▶ _EXERCISE OBJECTIVE_
Pictures are to be left out, and only the lines below starting at the one with "(Walt Disney World, 1970s)" and ending at the one with "320G 더블 원사 헤비" are to be reproduced, each exactly, both ends included.

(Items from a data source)
<<<<
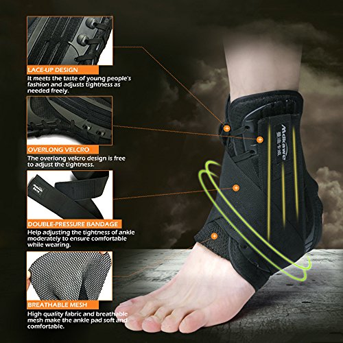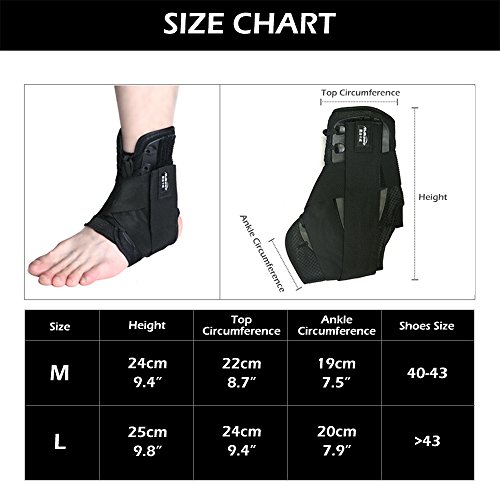 -. Feature : SUPPORT: Side stabilizers help to reinforce your ankle while maintaining complete flexibility to offer you total support and protection against injury during running, hiking, tennis, golf, soccer, volleyball, cycling, basketball, softball, baseball, weightlifting and many other athletic activities. / PAIN RELIEF: Reinforced side stabilizers and contoured arch design quickly reduces pain and pressure on the ankle due to various injuries including arthritis, sprains, swelling, muscle fatigue, and many other chronic or acute types of pain. / ADJUSTABLE: Double strap support and laces increased ankle stability and prevention of further injury. / MESH FABRIC DESIGN: It more breathable which helpful for abstraction of heat and sweat releasing, decreases skin irritation and helps to reduce odor. / NOTE: This ankle brace have left foot and right food, please order the order it as you need and kindly check the size chart below carefully before ordering,choose the best size for you.
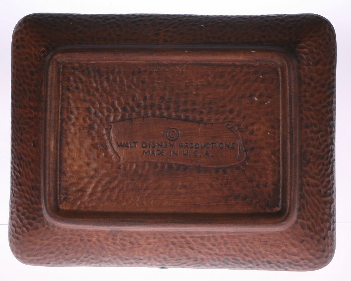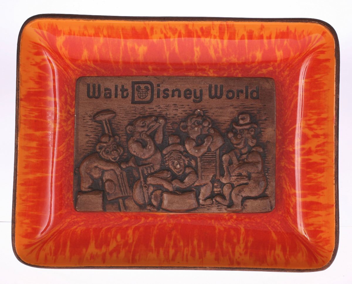 (Walt Disney World, 1970s) Ceramic wood-look brown and orange tray featuring raised imagery of the Country Bear Jamboree in the center. Created by Treasure Craft Pottery. Measures 5.75"x7.25" and 1.4" tall. In good condition.
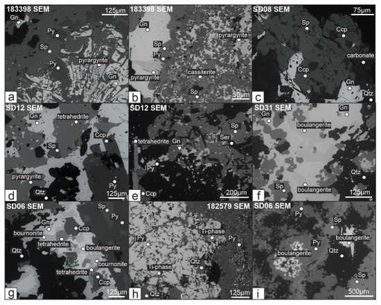 Backscatter SEM images of sulfide assemblages in mineralized dacite. (a,b) Early euhedral pyrite overgrown by sphalerite, which is replaced by an intergrowth of galena-pyrargyrite. Minor amounts of late cassiterite replace all earlier phases in Figure 7b. (c) Sphalerite intergrown with chalcopyrite in a quartz-carbonate gangue. Galena occurs as a replacive and fracture-filling phase in sphalerite-chalcopyrite. (d,e) Early formed pyrite overgrown by minor chalcopyrite. Subsequent sphalerite and tetrahedrite mineralization is replaced by galena. (f) Galena-boulangerite intergrowths replace early formed sphalerite. (g) Sphalerite is replaced by main ore stage pyrite. Chalcopyrite and tetrahedrite are replaced by galena (which is intergrown with boulangerite and bournonite). (h) Abundant fine diagenetic pyrite (right) and coarse hydrothermal pyrite (left) within silicified dacite. A widespread, but unknown, Ti-bearing phase occurs interstitially to masses of coarse pyrite. (i) Early formed coarse pyrite overgrown by sphalerite. Pyrite is replaced by boulangerite in the center of the image. To the right, boulangerite occurs interstitially and within quartz.
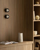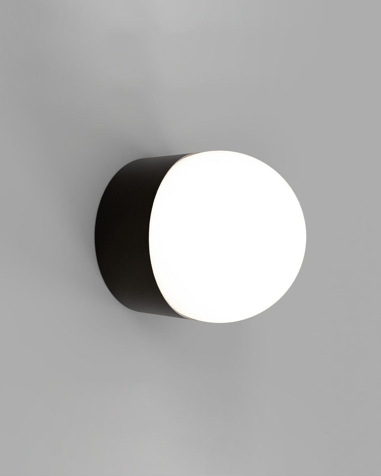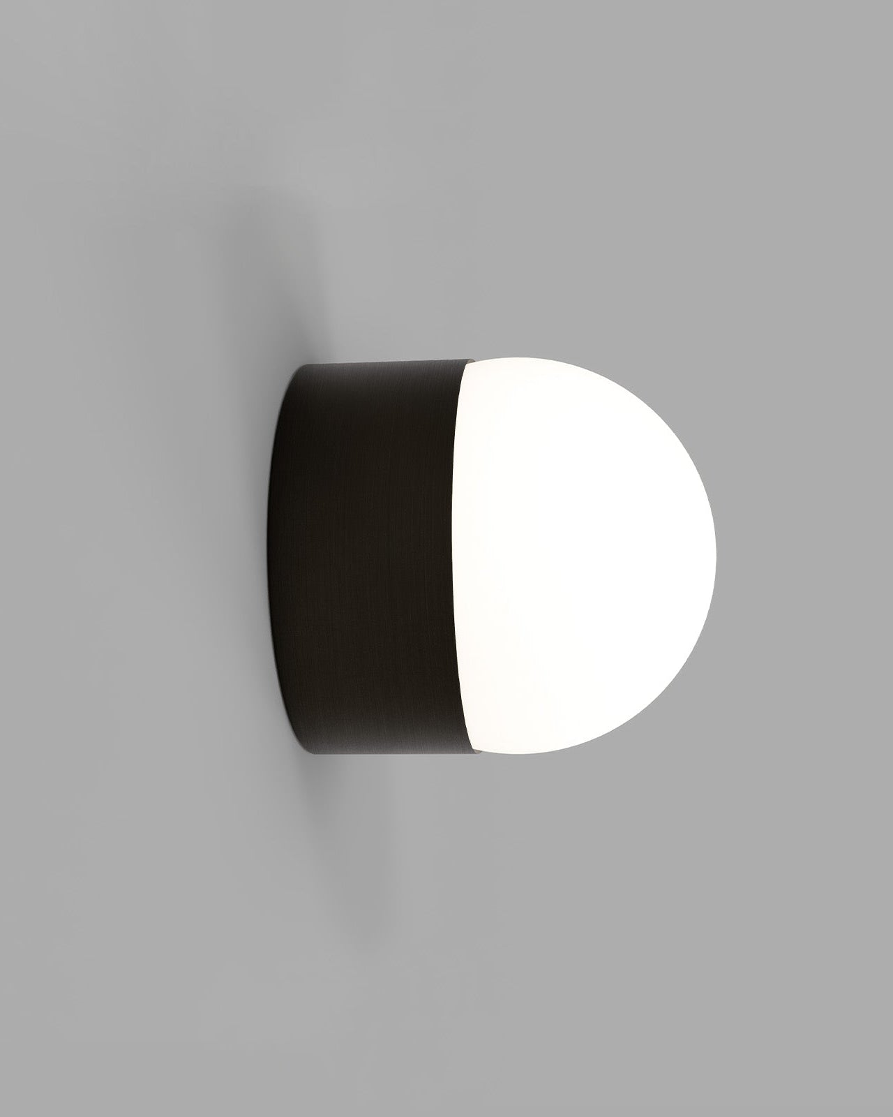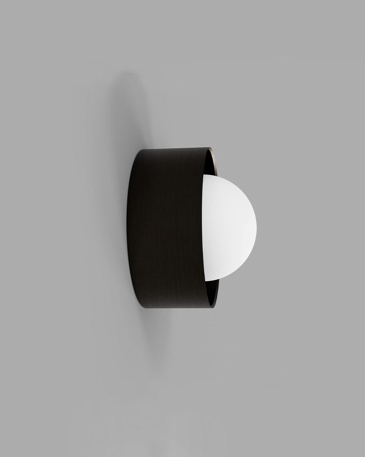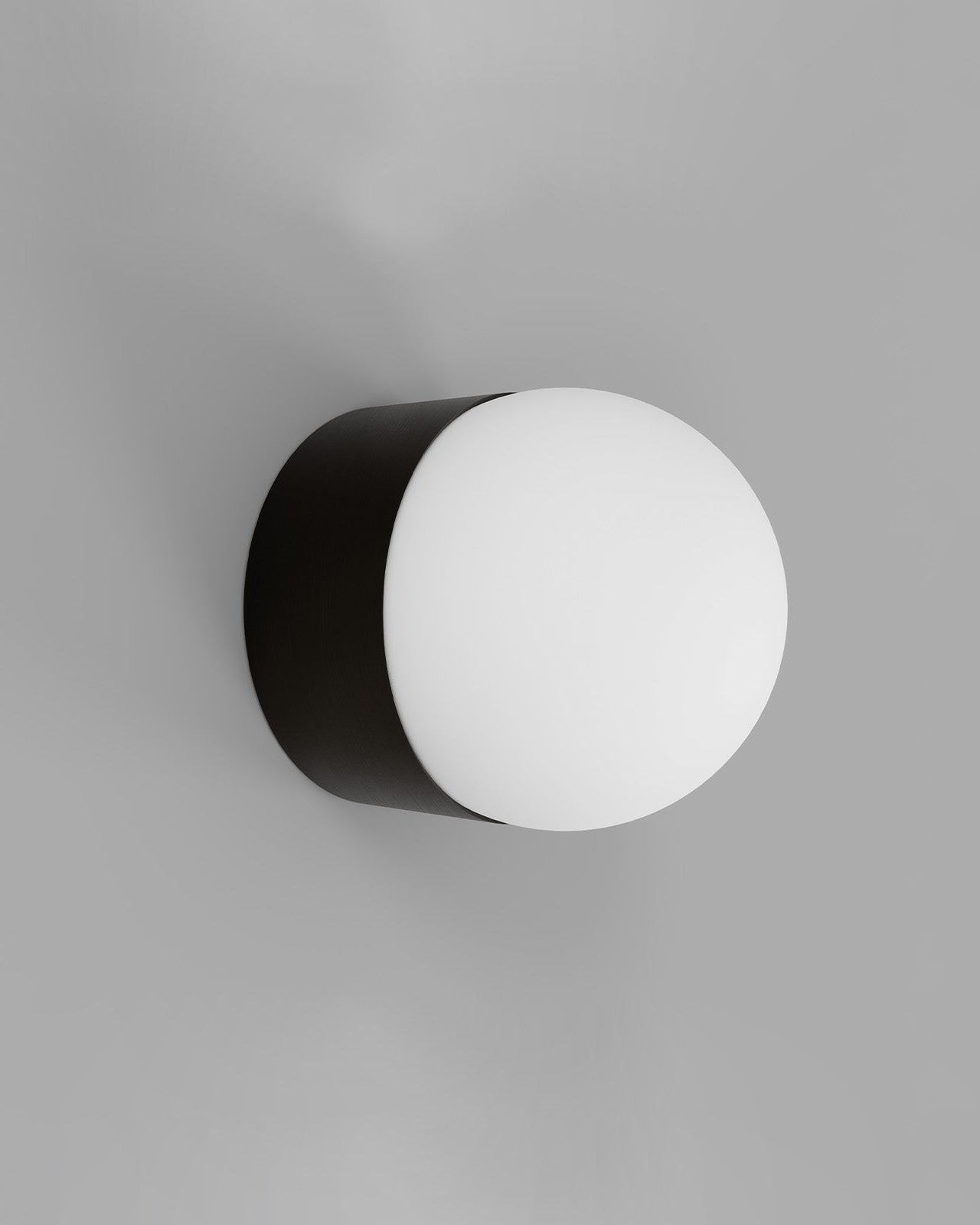 Cylindrical wall light with black and white half-spheres on a gray background
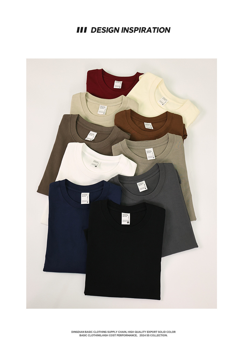 320G 더블 원사 헤비 코튼 남성용 크루 넥 반팔 신장 롱 벨벳 불투과성 보토밍 코튼 숄더 티셔츠
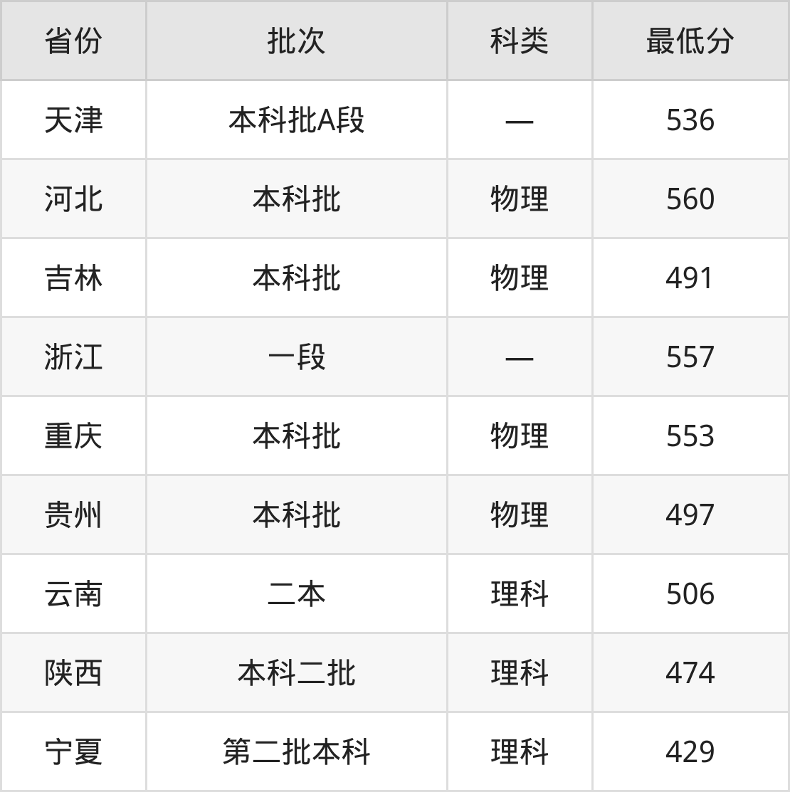北华大学计算机科学与技术专业在全国各省最低录取分数线为429分(宁夏理科),除此之外,在其余地区的最低分为浙江557分、重庆物理类553分、贵州物理类497分、天津536分等,以上数据均为2024年数据,供2025年高考生参考。
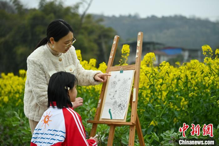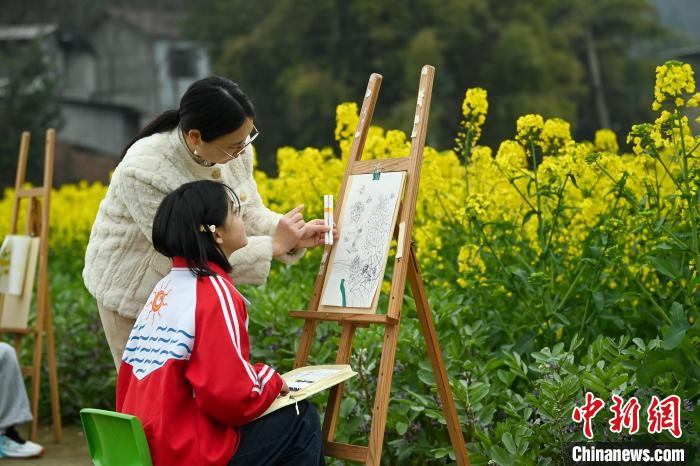 3月10日,四川眉山,美術老師廖方蘭油菜花田間指導學生們寫生創(chuàng)作。當日,天府新區(qū)眉山片區(qū)貴平鎮(zhèn)觀寺學校美術社團20余名師生走進鄉(xiāng)村田間開展寫生創(chuàng)作,通過賞花、探花、畫花、識花系列活動,讓學生們了解油菜花生長習性,同時感受春天氣息。中新社記者 劉忠俊 攝
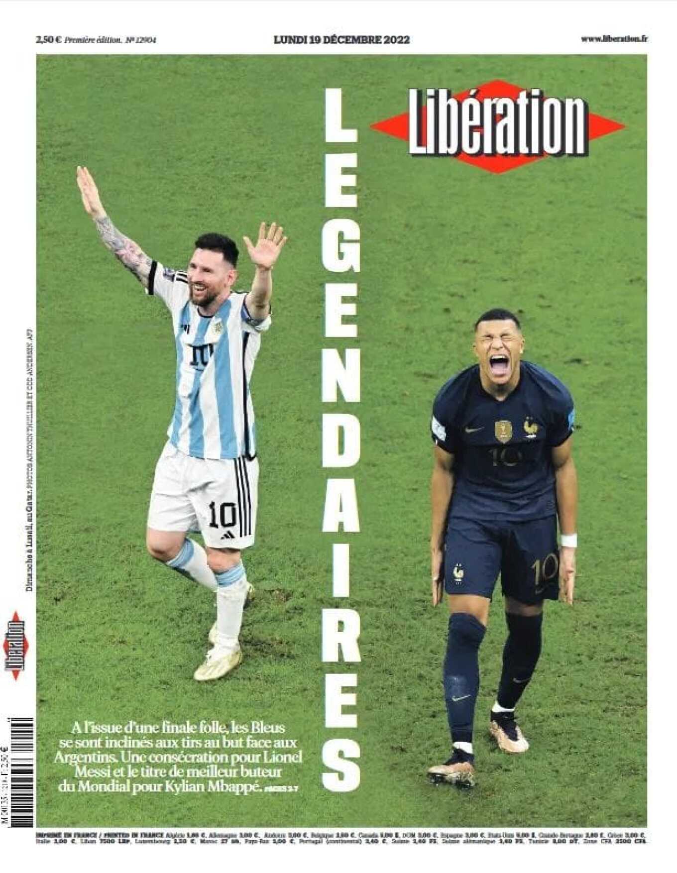 Η Liberation από την πλευρά της αφιερώνει το εξώφυλλο της Δευτέρας σε μια φωτογραφία όπου απεικονίζονται οι δύο άσσοι του ποδοσφαίρου σε μοντάζ της εφημερίδας με τον μοναδικό χαρακτηρισμό «Θρύλοι».
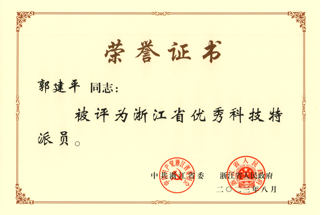 郭建平副教授在科技扶贫工作中的突出成就,多次被浙江卫视、黄岩媒体等媒体报道,先后被评为2005-2006年度省优秀科技特派员、2007-2008年度省优秀科技特派员和2016-2017年度省优秀科技特派员,并在2023年浙江省科技特派员二十周年工作总结及评优中,被评为浙江省优秀科技特派员。
>>>>
▶ _RESPONSE TO THIS EXERCISE_
 (Walt Disney World, 1970s) Ceramic wood-look brown and orange tray featuring raised imagery of the Country Bear Jamboree in the center. Created by Treasure Craft Pottery. Measures 5.75"x7.25" and 1.4" tall. In good condition.
 Backscatter SEM images of sulfide assemblages in mineralized dacite. (a,b) Early euhedral pyrite overgrown by sphalerite, which is replaced by an intergrowth of galena-pyrargyrite. Minor amounts of late cassiterite replace all earlier phases in Figure 7b. (c) Sphalerite intergrown with chalcopyrite in a quartz-carbonate gangue. Galena occurs as a replacive and fracture-filling phase in sphalerite-chalcopyrite. (d,e) Early formed pyrite overgrown by minor chalcopyrite. Subsequent sphalerite and tetrahedrite mineralization is replaced by galena. (f) Galena-boulangerite intergrowths replace early formed sphalerite. (g) Sphalerite is replaced by main ore stage pyrite. Chalcopyrite and tetrahedrite are replaced by galena (which is intergrown with boulangerite and bournonite). (h) Abundant fine diagenetic pyrite (right) and coarse hydrothermal pyrite (left) within silicified dacite. A widespread, but unknown, Ti-bearing phase occurs interstitially to masses of coarse pyrite. (i) Early formed coarse pyrite overgrown by sphalerite. Pyrite is replaced by boulangerite in the center of the image. To the right, boulangerite occurs interstitially and within quartz.
 Cylindrical wall light with black and white half-spheres on a gray background
 320G 더블 원사 헤비 코튼 남성용 크루 넥 반팔 신장 롱 벨벳 불투과성 보토밍 코튼 숄더 티셔츠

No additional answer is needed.